▶ _DATA_:
....................

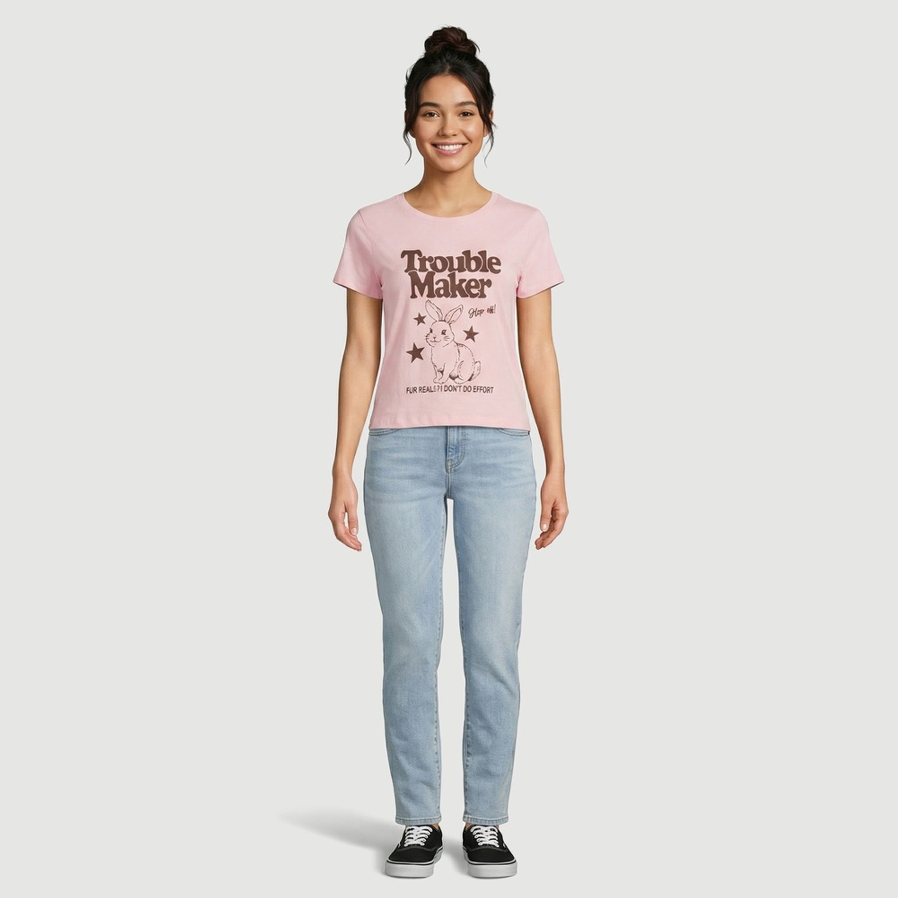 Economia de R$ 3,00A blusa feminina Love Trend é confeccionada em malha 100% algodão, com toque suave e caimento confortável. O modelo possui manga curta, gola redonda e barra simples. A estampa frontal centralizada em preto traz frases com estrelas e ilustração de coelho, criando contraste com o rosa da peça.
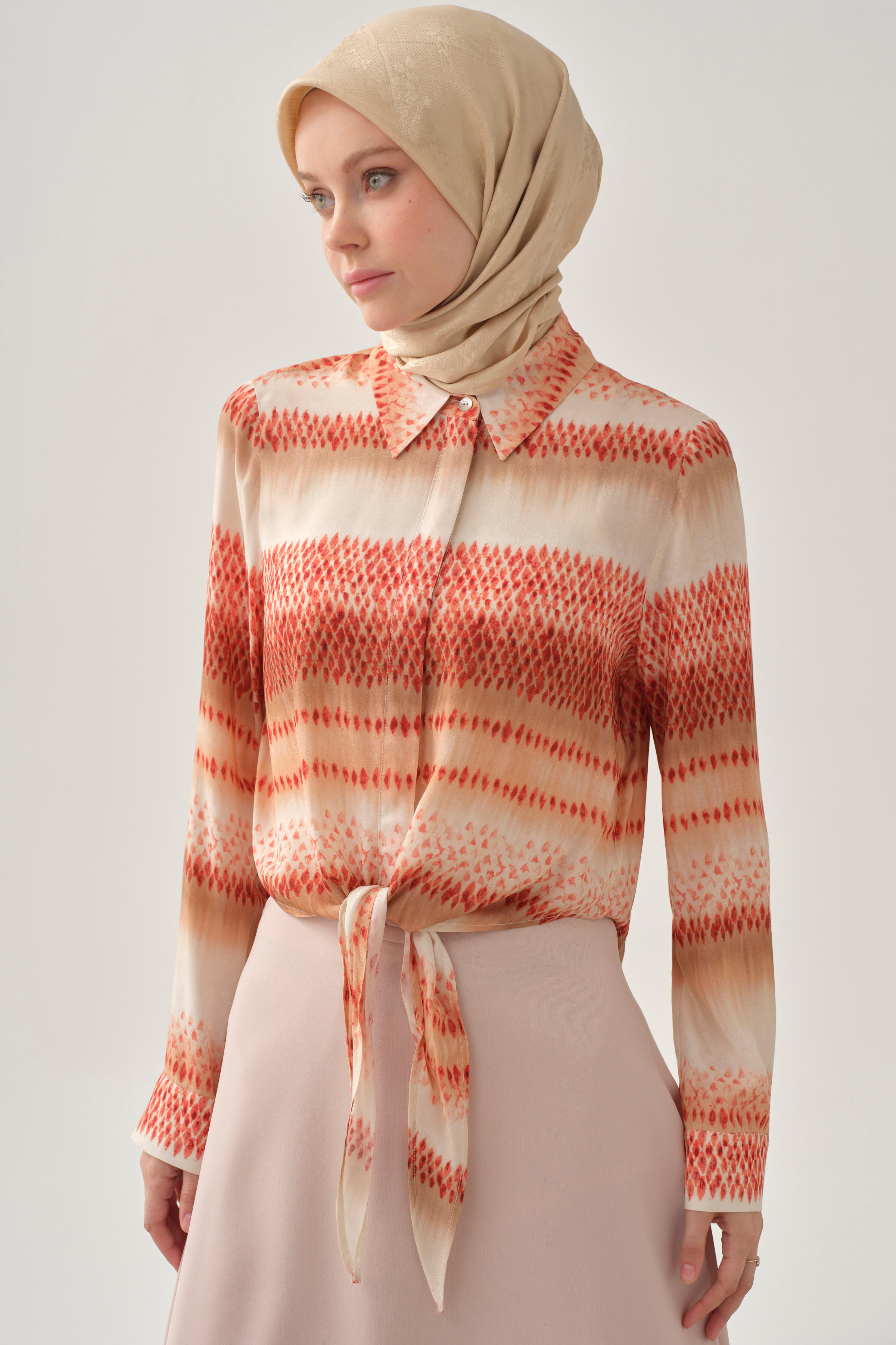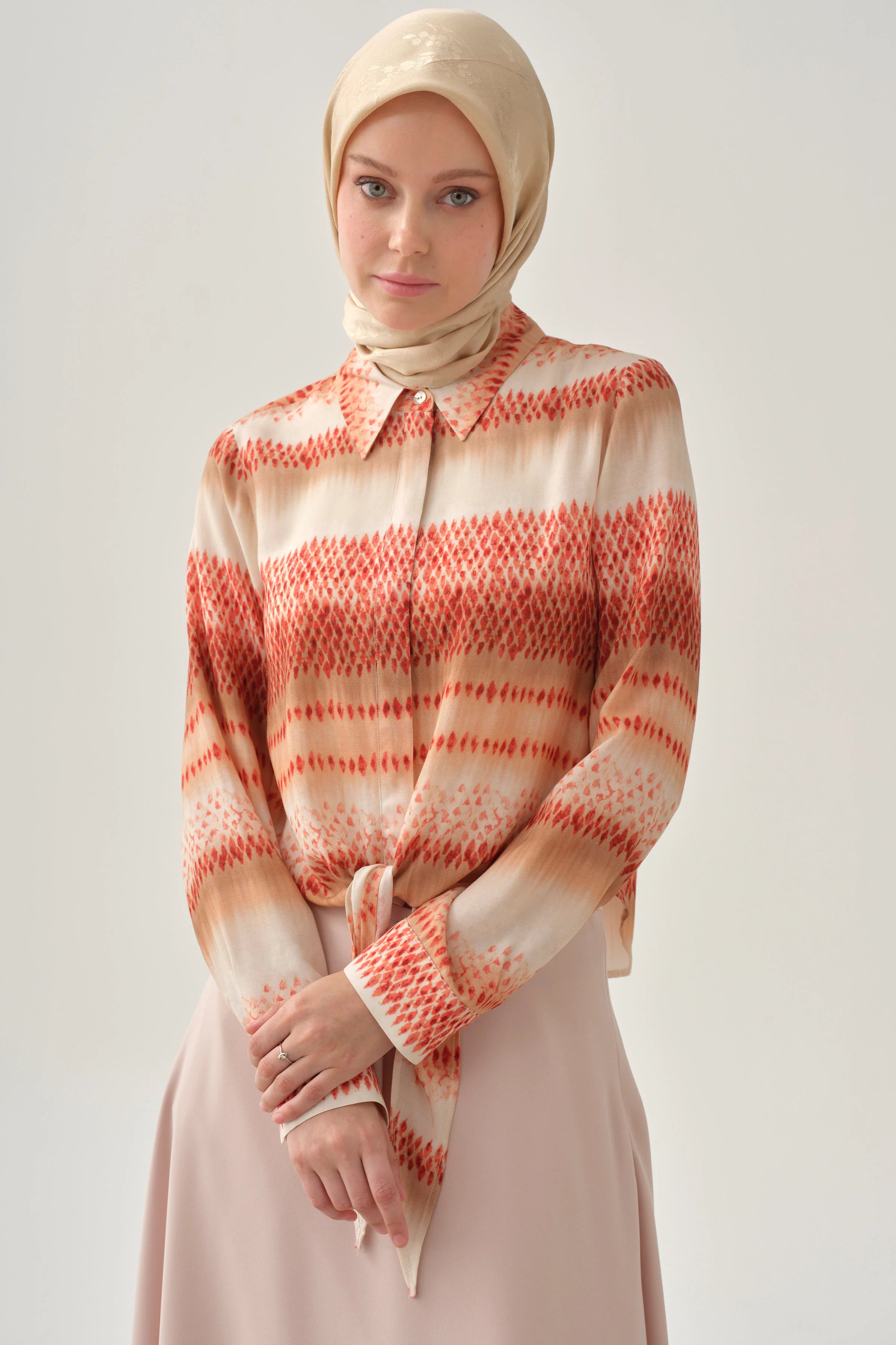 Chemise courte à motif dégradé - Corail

....................

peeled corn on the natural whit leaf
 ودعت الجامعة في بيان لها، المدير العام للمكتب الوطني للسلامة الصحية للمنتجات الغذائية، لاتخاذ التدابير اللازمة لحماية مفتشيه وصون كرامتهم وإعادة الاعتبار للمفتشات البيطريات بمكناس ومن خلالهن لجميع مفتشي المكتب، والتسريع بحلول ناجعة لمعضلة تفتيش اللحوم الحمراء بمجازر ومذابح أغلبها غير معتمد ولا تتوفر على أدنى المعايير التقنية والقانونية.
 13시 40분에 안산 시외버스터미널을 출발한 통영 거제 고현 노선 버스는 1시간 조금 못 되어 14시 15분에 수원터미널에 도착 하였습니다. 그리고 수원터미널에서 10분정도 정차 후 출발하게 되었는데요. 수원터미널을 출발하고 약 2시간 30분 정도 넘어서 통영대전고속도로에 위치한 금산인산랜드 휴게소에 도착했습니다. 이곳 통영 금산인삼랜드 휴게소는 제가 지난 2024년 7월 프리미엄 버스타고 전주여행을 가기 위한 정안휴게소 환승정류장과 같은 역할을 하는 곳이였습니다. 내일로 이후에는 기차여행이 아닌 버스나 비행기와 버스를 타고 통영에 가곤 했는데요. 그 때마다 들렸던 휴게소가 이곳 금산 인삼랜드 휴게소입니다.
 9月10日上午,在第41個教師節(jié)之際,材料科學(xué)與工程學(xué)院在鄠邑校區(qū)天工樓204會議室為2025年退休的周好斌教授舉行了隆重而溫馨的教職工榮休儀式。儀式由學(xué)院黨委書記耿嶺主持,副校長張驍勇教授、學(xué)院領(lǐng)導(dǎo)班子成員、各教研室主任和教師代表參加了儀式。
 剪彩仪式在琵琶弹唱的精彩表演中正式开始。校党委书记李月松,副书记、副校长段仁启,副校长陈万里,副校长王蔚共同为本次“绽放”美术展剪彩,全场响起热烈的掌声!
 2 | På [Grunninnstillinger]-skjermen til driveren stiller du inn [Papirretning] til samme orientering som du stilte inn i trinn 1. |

....................

▶ _WHAT YOU NEED TO DO_: Using the entries above, give back exactly the line containing "剪彩仪式在琵琶弹唱的精彩表演", the line containing "2 | På [Grunninnstillinger]-skjermen", and every line between them, and nothing else.

▶ _OUTPUT BELOW_:
 剪彩仪式在琵琶弹唱的精彩表演中正式开始。校党委书记李月松,副书记、副校长段仁启,副校长陈万里,副校长王蔚共同为本次“绽放”美术展剪彩,全场响起热烈的掌声!
 2 | På [Grunninnstillinger]-skjermen til driveren stiller du inn [Papirretning] til samme orientering som du stilte inn i trinn 1. |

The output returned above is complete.